Geosteering solves for a drill bit's stratigraphic location to optimally guide a wellbore through a target formation. Geosteering solutions focus on correlating a subject well's real-time measurements to a type log representative of the stratigraphic column. Traditionally, this is done by matching localized sections of each log with a combination of shifts and stretches applied. This is a single-solution-at-a-time approach where only the best correlation is represented, as determined subjectively by a human or via algorithmic minimization of differences between measurements (Maus et al 2020). A method that considers the full space of possible stratigraphic interpretations and assigns a complexity-related correctness likelihood to each would give geosteerers greater confidence in selecting the correct interpretation. This would be a prohibitively large space to explore via traditional optimization and inversion methods, but it is possible through application of a Viterbi algorithm to a Bayesian state space matrix.
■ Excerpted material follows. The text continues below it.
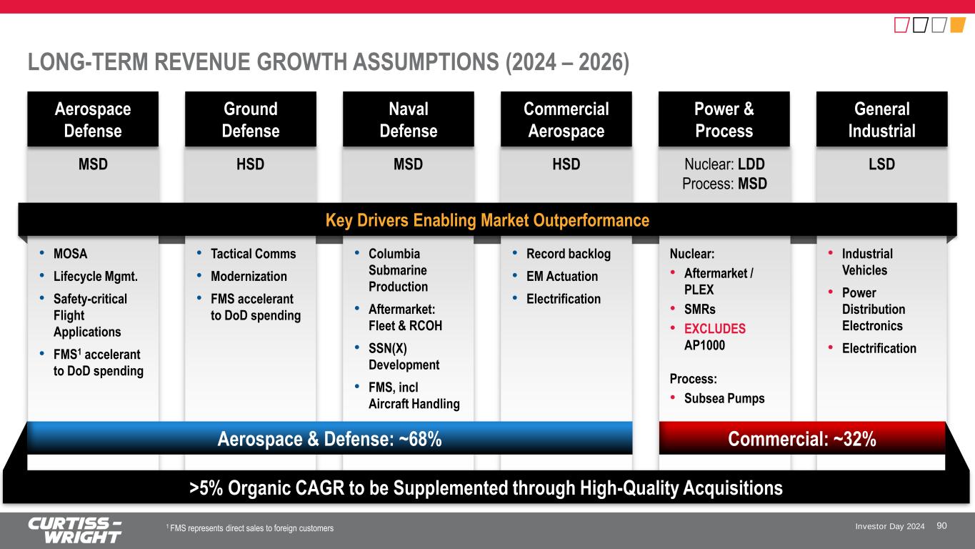 Investor Day 2024 NEW 3-YEAR TARGETS (2024 – 2026) 89 Accelerating the Pace of Core Organic Growth; AP1000 Excluded from Targets and Provides Incremental Upside >5% Organic Revenue CAGR Operating Income Growth > Revenue Growth Top Quartile Margin Performance >10% EPS CAGR >105% FCF Conversion + Elevated global threat environment + Proliferation of electronics & electrification + Energy independence & decarbonization + Record Boeing & Airbus Backlog + New Product Development − Macro headwinds + Volume absorption + Op excellence + Comm’l excellence − Investments in R&D, talent & systems • Short-term balance with long-term health • EPS Growth > OI Growth • Maintain disciplined capital deployment • Return to target CapEx spend @ ~2% of sales • Efficient Working Capital Management • >$1.3B in Free Cash Flow Generation

A set of 1440 synthetic geosteering trials was generated by producing a geologically realistic layer cake, passing a well trajectory through it, and simulating realistically corrupted gamma measurements (reflecting sampling rate, calibration error, and measurement noise). This gives a true solution for accuracy comparison, and a realistic log that can be interpreted as follows: a Bayesian state space matrix is constructed which captures the likelihood of correlation between subject well and type log measurements. Prior knowledge is used to inform a state-transition probability matrix. The Viterbi algorithm is then applied to the state space matrix and state-transition probability matrix to determine the highest likelihood interpretation.
The trial data was split 80/20 into training and test sets. For the training data, three metrics were used to tune the algorithm: mean distance from true solution; misfit ratio against true solution, and algorithm runtime. On the remaining test data, highest-likelihood paths were compared to the interpretations generated by an existing residual-minimizing automated geosteering algorithm (Gee et al 2019). Performance was analyzed separately in the vertical, curve, and lateral, and solutions were spot-checked for reasonable behavior.
Compared to the existing automated method, the Bayesian method produced interpretations with comparable performance in 59% of laterals, and significantly improved performance in 34% of laterals. It also returned results 30 times faster. These results held over several sets of tuning parameters suggesting robustness. A well-tuned Bayesian algorithm has been shown to outperform existing automated methods on performance and accuracy, signifying a potential step change in the space of automated geosteering.
Viterbi is an established algorithm with many applications, but the splitting of stratigraphic mappings into a Bayesian state space and application of Viterbi is novel and allows for efficient, probabilistic solution-finding. The whole space of possible solutions can be considered, and implicitly gives solution likelihoods. The technique also accounts for the complexity of produced solutions.